Collins left Ka Leo for a while, then came back as an editor of the Opinions section.  Despite his reputation, he wasn't that hard to deal with. He allowed us to be edgy & eccentric, he only had to ask me to rewrite when the word count was over the limit. 



UH Athletics & School Spirit

When I was in high school, UH was known for its great volleyball teams, decent mid-major basketball teams and a junk football team that went 0-12 in 1998


My first semester at UHM coincided with June Jones first year as the head football coach. Things were about to change for the better. 


The June Jones era started with a loss to Southern California (with future Heisman winner Carson Palmer), but when the team won the next game (versus Eastern Illinois), everyone said: "UH finally won a game".

The team went 9-4, beat our rival Fresno State and won a bowl game (versus Oregon State).  You could definitely feel a rise in school spirit as the season went on! 
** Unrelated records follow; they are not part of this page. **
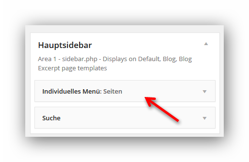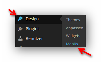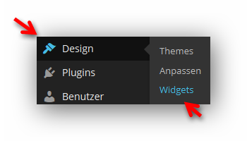 Zum Einfügen des fertigen Menüs in die Sidebar (Seitenleiste) auf Design -> Widgets klicken…
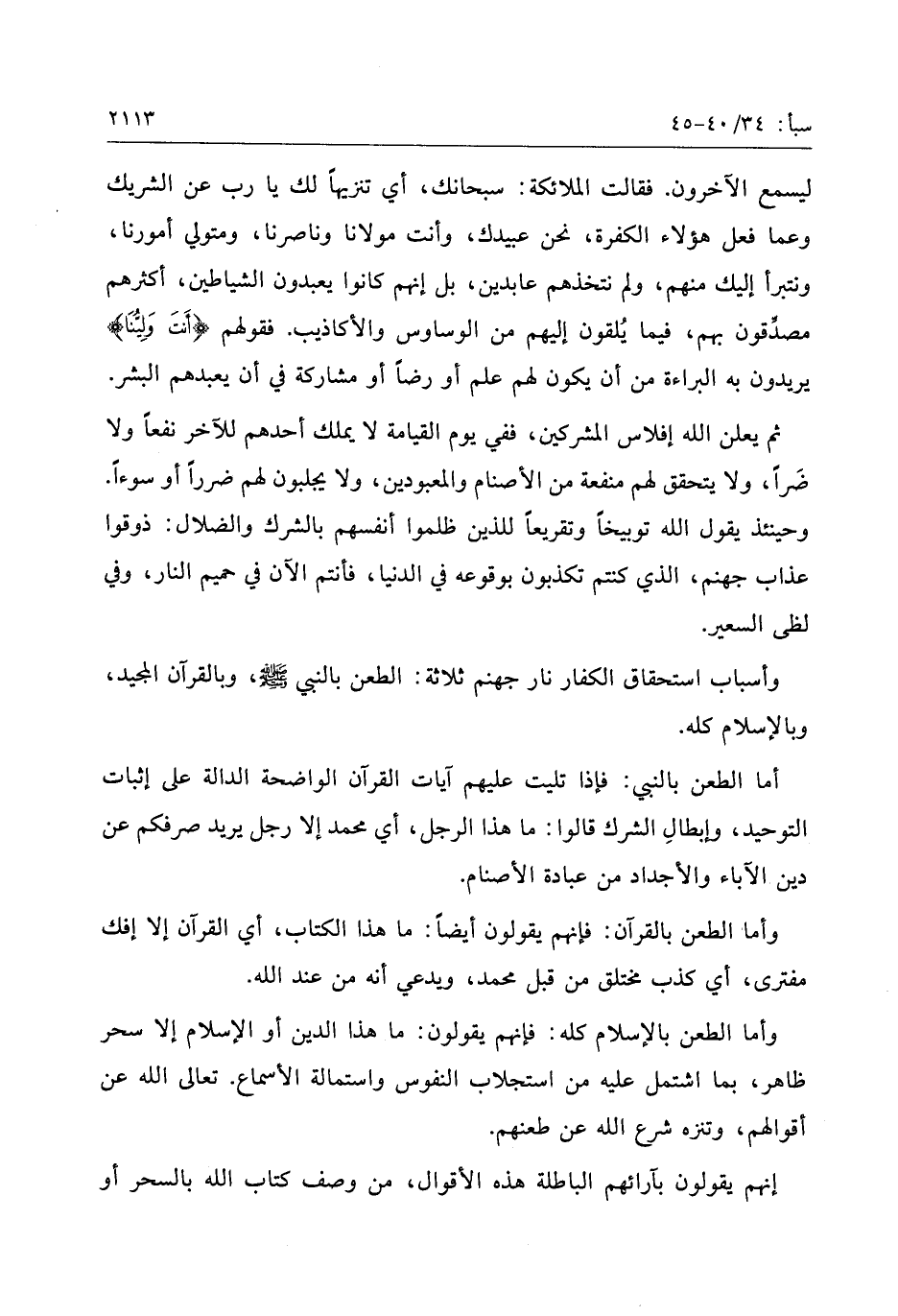 وأسباب استحقاق الكفار نار جهنم ثلاثة: الطعن بالنبي صلّى الله عليه وسلم، وبالقرآن المجيد، وبالإسلام كله.
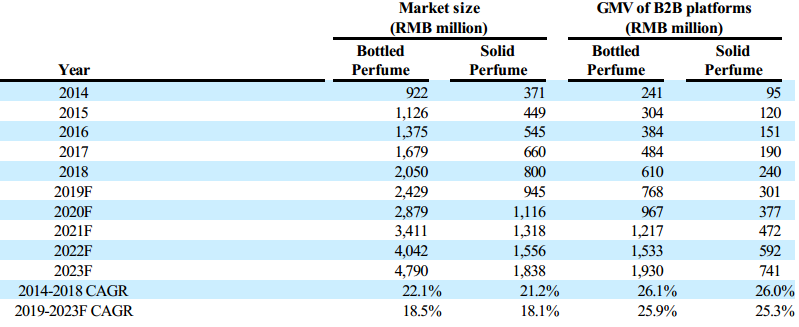 公司深耕的车用香氛领域,展现了比行业平均更高的景气度。2018年,车用瓶装香氛与固体香氛B2B GMV为6.1亿元和2.4亿元人民币,预计未来五年的CAGR为25.9%和25.3%。
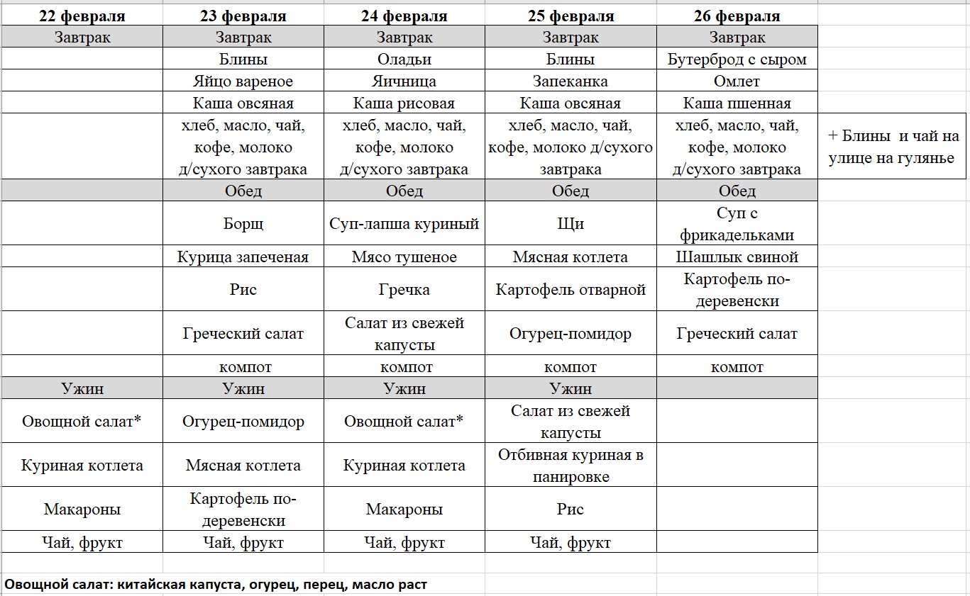 Стоимость питания в сутки составит 900 руб в сутки за одну порцию, не важно, для взрослого или для ребенка. Можно взять меньше порций, чем человек в семье. Доплата за 26 февраля - 300руб (увеличенная порция шашлыка и блины).
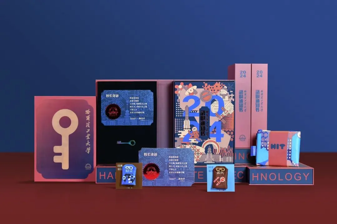 除了展示硬核科技,哈工大2024年录取通知书还融入了中国传统色和学校标志性元素。通知书整体设计以“书”的外形呈现,书盒封面采用可变换图案的光栅工艺,主图形以钥匙的轮廓呈现。
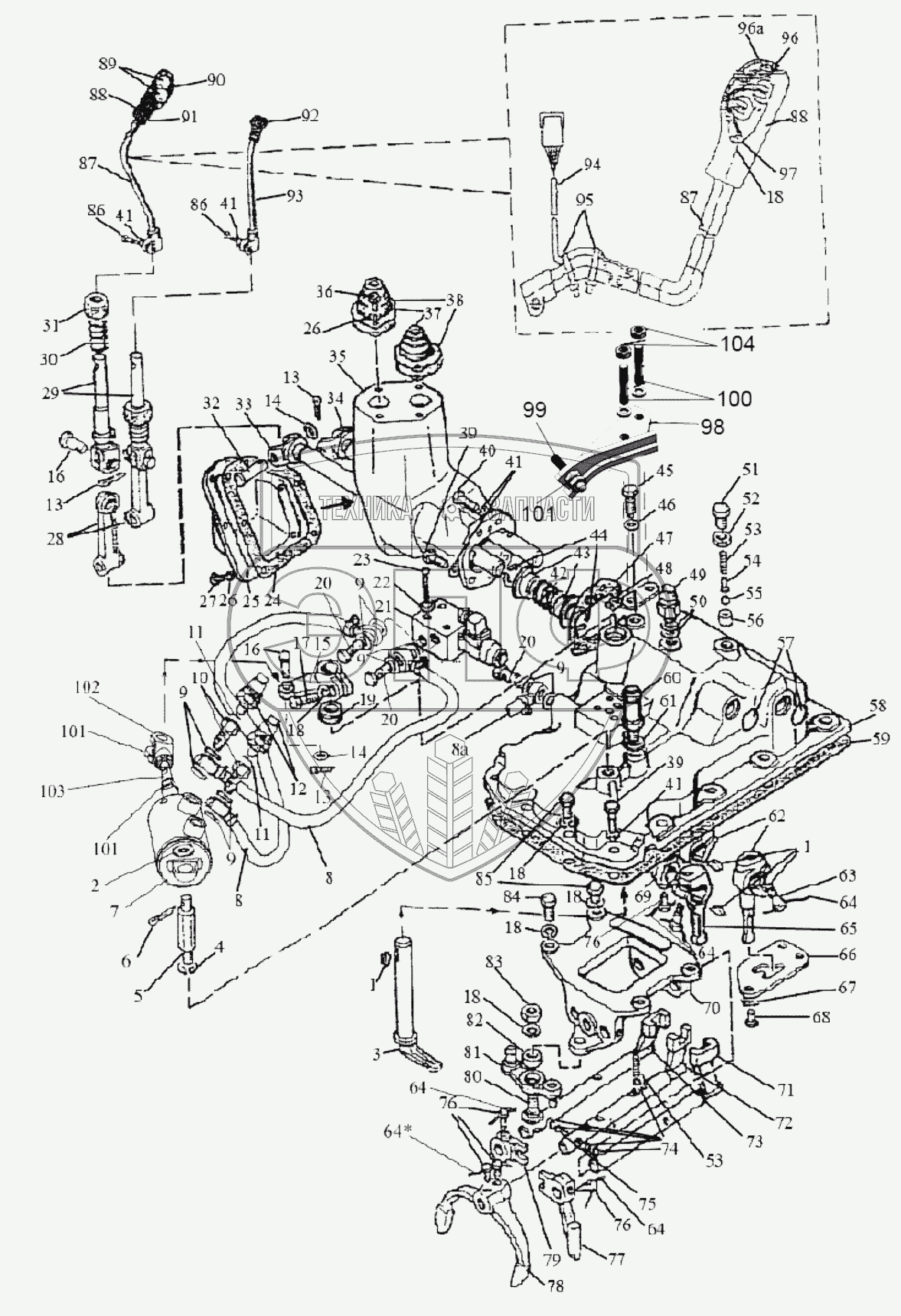 Каталог запасных частей к технике: МТЗ-1523. Механизм управления коробкой передач
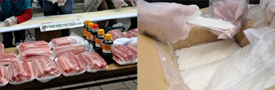 そして食材は、まぐろ(メバチまぐろ)82kg、酢飯が230kg。巻き海苔は記録と同じ550メートルと少し。
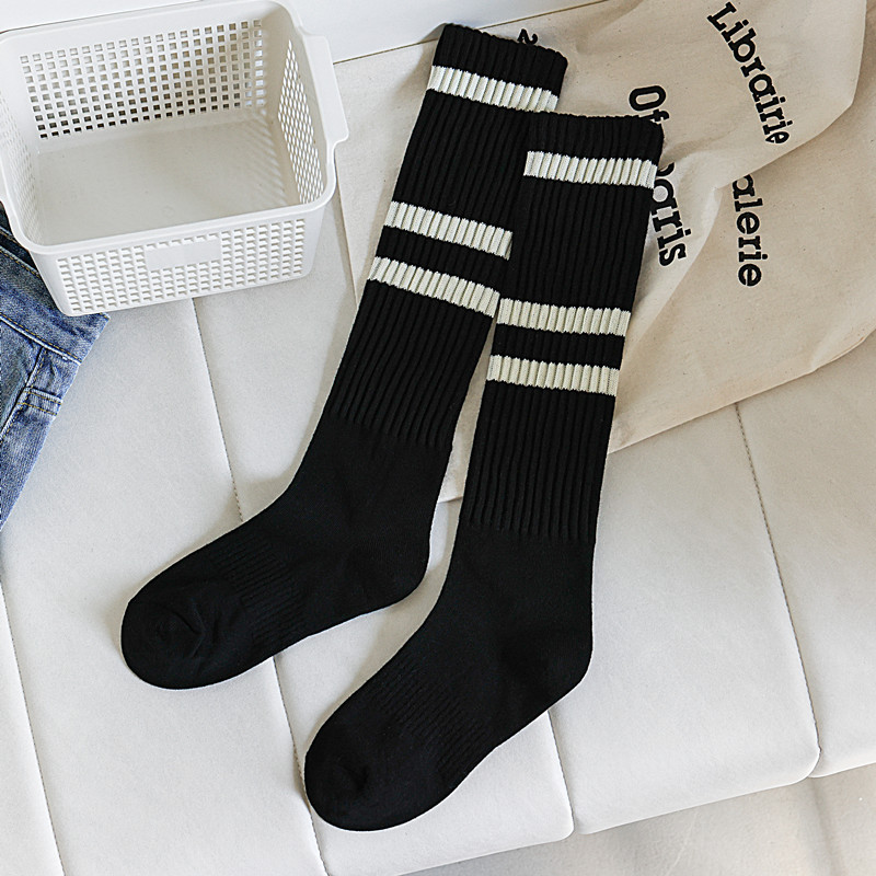가을과 겨울 프레피 스타일 코튼 스트라이프 송아지 양말 여성 한국식 무릎 길이 스포츠 캐주얼 화이트 컬러 스트라이프 더미 스타킹 조수스토어 가기
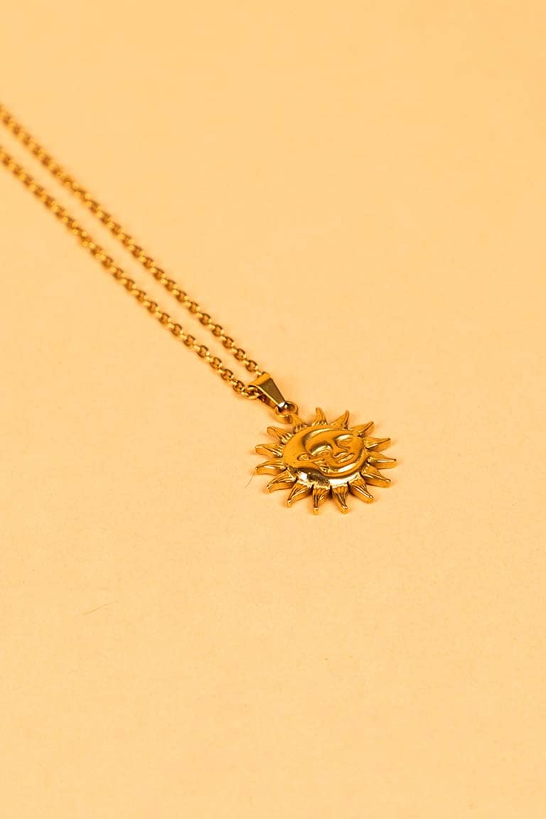 Completa tu atuendo con la Cadena Indie de acero inoxidable dorado con dijen.
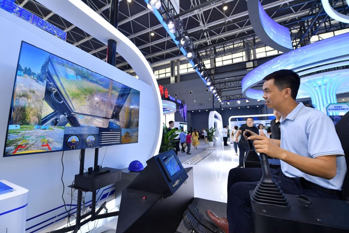 9月7日,參觀者在河北省石家莊舉行的2023中國國際數字經濟博覽會上體驗挖掘機5G遠程駕駛系統。新華社記者 駱學峰 攝

The following year, the team got rid of its "Rainbow Warriors" nickname because June Jones felt that rainbows have become a "gay symbol" and that it hurt recruiting.

In 2013, the Rainbow Warrior name came back.

I wrote about that issue in the following blog posts
https://pablowegesend.blogspot.com/2013/02/uh-sports-nicknames.html
https://pablowegesend.blogspot.com/2013/05/the-rainbows-are-back.html




Life after the Fall 1999 semester



I went on to become a sociology major and graduated in Fall 2004. I went beyond the stereotypical 4 years to finish my bachelor's degree because it took a while before I declared my major and it took a while for me to fulfill all my core requirements. Part of it was I took some classes I didn't really need just because I was interested.  Also, part of it was I still was trying to figure out my post-college plans.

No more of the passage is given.